Innovation in Canada
Originally posted on Half an Hour, July 4, 2009.
Responding to this excellent Globe and Mail article on innovation in Canada...
A couple of key points in this story, worth reiterating.
- "The small group of elites that got rich on these resources controlled the political levers to ensure nothing changed."
- "If you rely only on market forces, you are going to react to what others are doing, rather than anticipating what is going to happen."
We continue in this country to allow corporations to control our economy and preach free-market dogma, which as a consequence has had the effect of protecting existing resource-based industries at the expense of innovation and development.

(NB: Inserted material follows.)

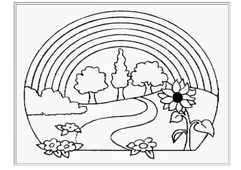 Gambar Mewarnai Pemandangan Pelangi - Contoh Gambar Mewarnai
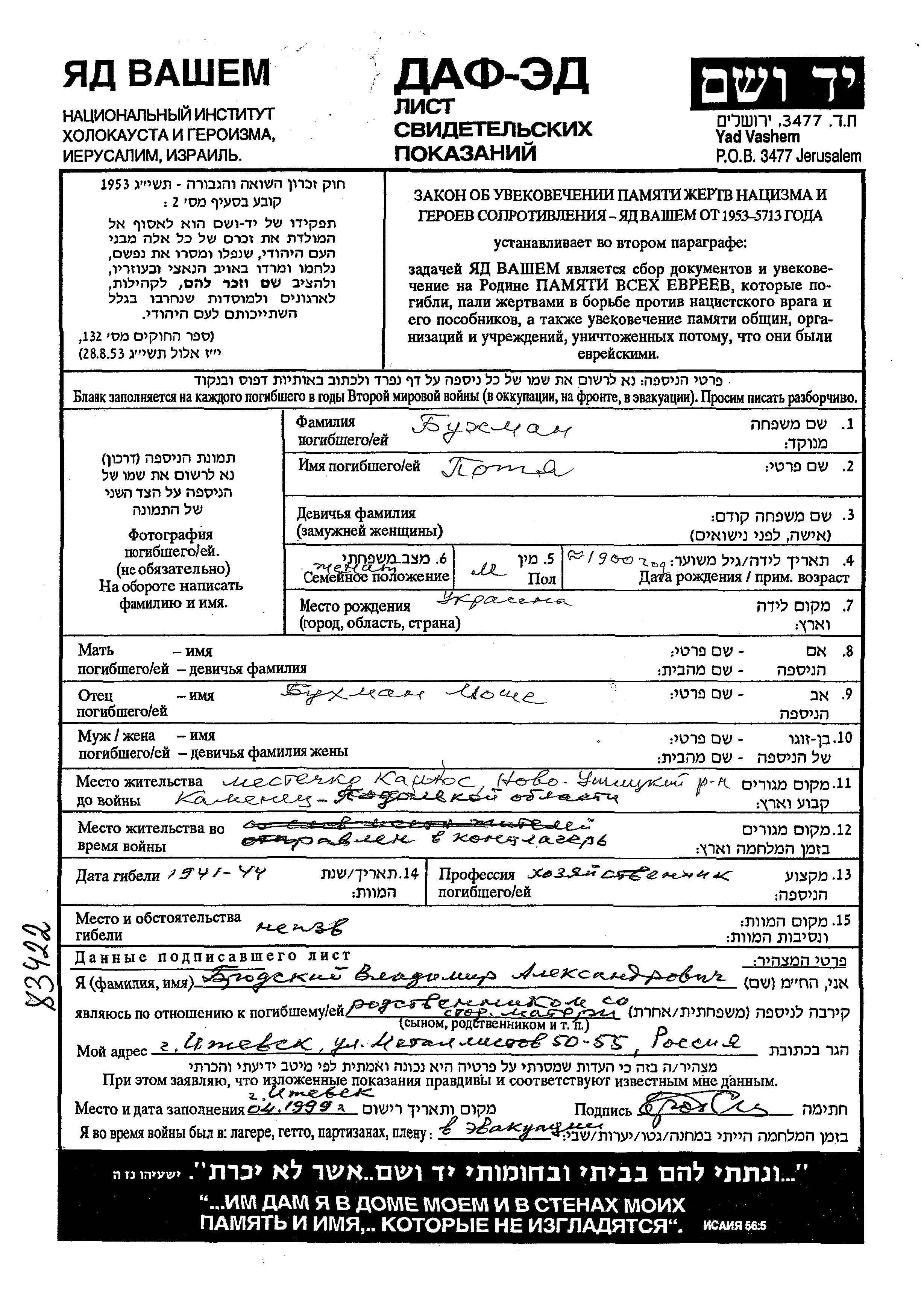 Petya Bukhman was born in Ukraine (USSR), 1900 to Moshe. He was a supply manager and married. Prior to WWII he lived in Kalyus, Ukraine (USSR). Petya was murdered in the Shoah. Place of death: Camp.

Nowhere is this more evident today than in the Maritimes, where the decades-old hammerlock by a small number of corporations has reduced this once-prosperous region to a backwater.
Similar forces are in effect in Alberta and British Columbia, and unless we are stringent, the economies of Ontario and Quebec will be reduced to a resource-based rubble.
What characterizes high-innovation countries - yes, including the U.S. - is the high degree of government direction and intervention. South of the border, for example, programs such as the mi8litary, space, and NSF have driven research forward.
Canada's own government investment in research and development is significantly smaller than any of the innovative nations, and shrinking. This is why we have seen, especially over the last few years, our productivity and competitiveness lag.
The sad and difficult part is, it may be impossible to wean ourselves from our corporate overlords. The experience in the Maritimes is, even if you change governments, the corporations remain in charge.